Returning to the first anecdote, the aerodynamicist, once he sobered up, realised that the problem was a faulty analogy between bees and conventional fixed-wing aircraft. Bees’ wings are small relative to their bodies. If an airplane were built the same way, it would never take off. But bees aren’t like airplanes, they’re like helicopters (a bit). Their wings work on the same principle as helicopter blades – to be precise ‘reverse-pitch semirotary helicopter blades’. A moving airfoil, whether it’s a helicopter blade or a bee wing, generates a lot more lift than a stationary one.
Another challenge with bees wasn’t figuring out the aerodynamics but the mechanics: specifically, how bees can move their wings so fast – roughly 200 beats per second, which is 10 or 20 times the firing rate of the nervous system. The trick apparently is that the bee’s wing muscles (thorax muscles, actually) don’t expand and contract so much as vibrate, like a rubber band. A nerve impulse comes along and twangs the muscle, much as you might pluck a guitar string, and it vibrates the wing up and down a few times until the next impulse comes along.
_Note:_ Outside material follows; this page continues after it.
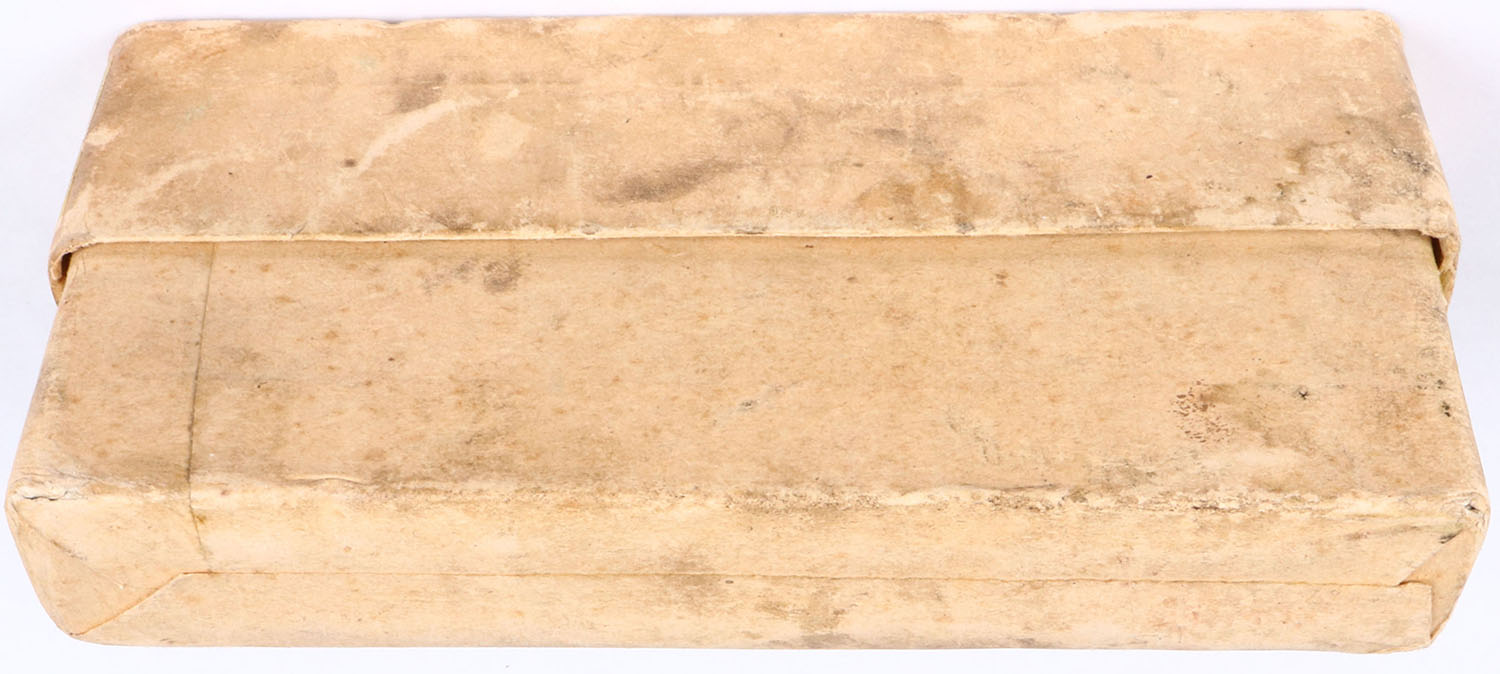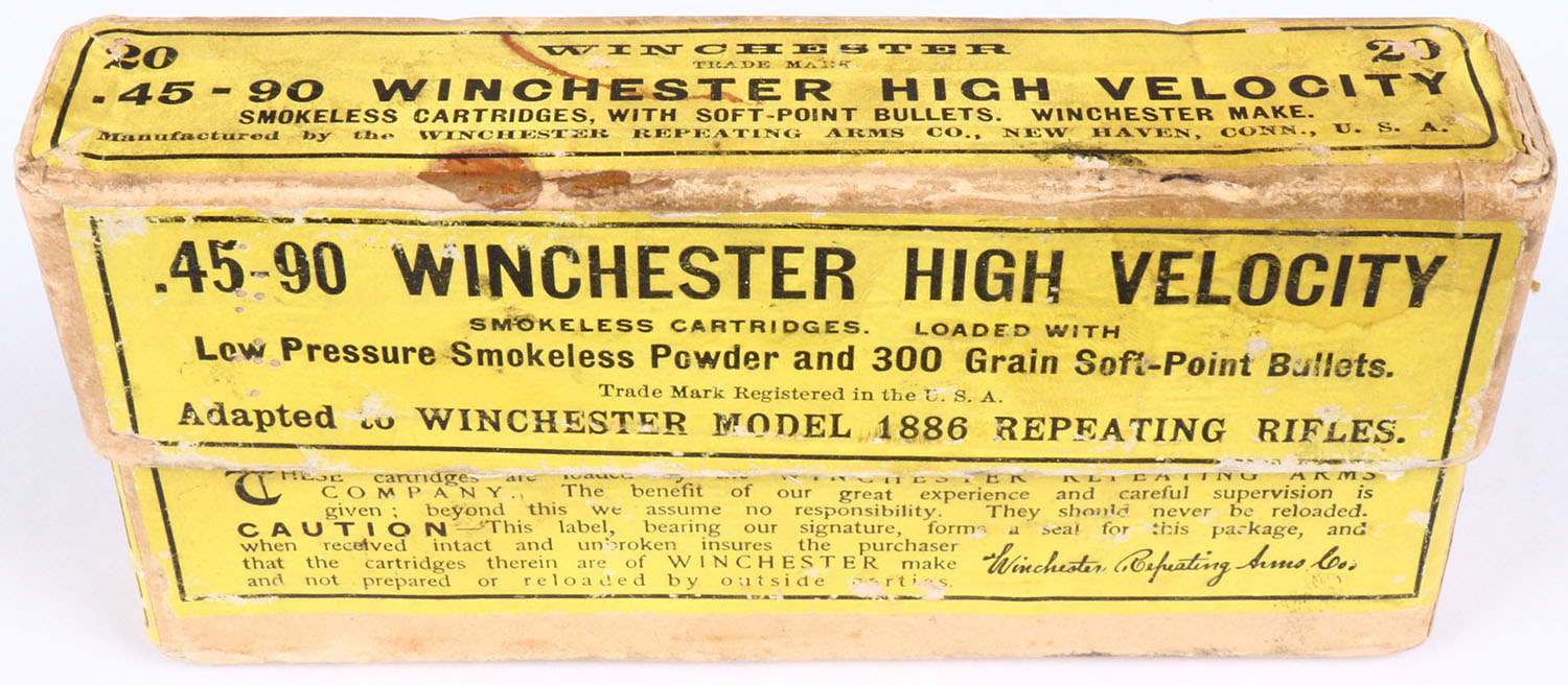 Winchester, .45-90 Winchester High Velocity, low Pressure Smokeless Powder, 300 Gr. Soft-Point bullet, 2pc, Partial 15 Rds., buff box with yellow label & black print, box is solid with stains on top label, light age soiling, rub marks & edge wear, ammo is good. Grade: Very Good ++ - Value: 600 to 1200

I also need to mention dynamic stall – which sounds like an oxymoron (and possibly handy to know about if you are at a dinner party with a squiffy aerodynamicist) – its the effect that occurs when the wings change their angle of attack – ie they don’t just flap up and down, they also do some interesting gyrations. The rapid change can cause a strong vortex to be shed from the leading edge (front) of the wing, and travel backwards over and above the wing. The vortex, containing high-velocity airflows, briefly increases the lift produced by the wing. As soon as it passes behind the trailing edge (back), however, the lift reduces dramatically, and the wing is in normal stall.
Bumblebee flight is being studied using lasers and special cameras. Much remains to be done to understand it fully, but the manoeuverability and efficiency of bumblebee flight tells us that we need to better understand it to improve our own methods of flying.
My observation is that they are blinking difficult to capture on film, especially in flight – constantly on the move, whizzing hither and thither – too much dynamic and not enough stall for my purposes.

‘there is an art, or rather a knack to flying. The knack lies in learning how to throw yourself at the ground and miss’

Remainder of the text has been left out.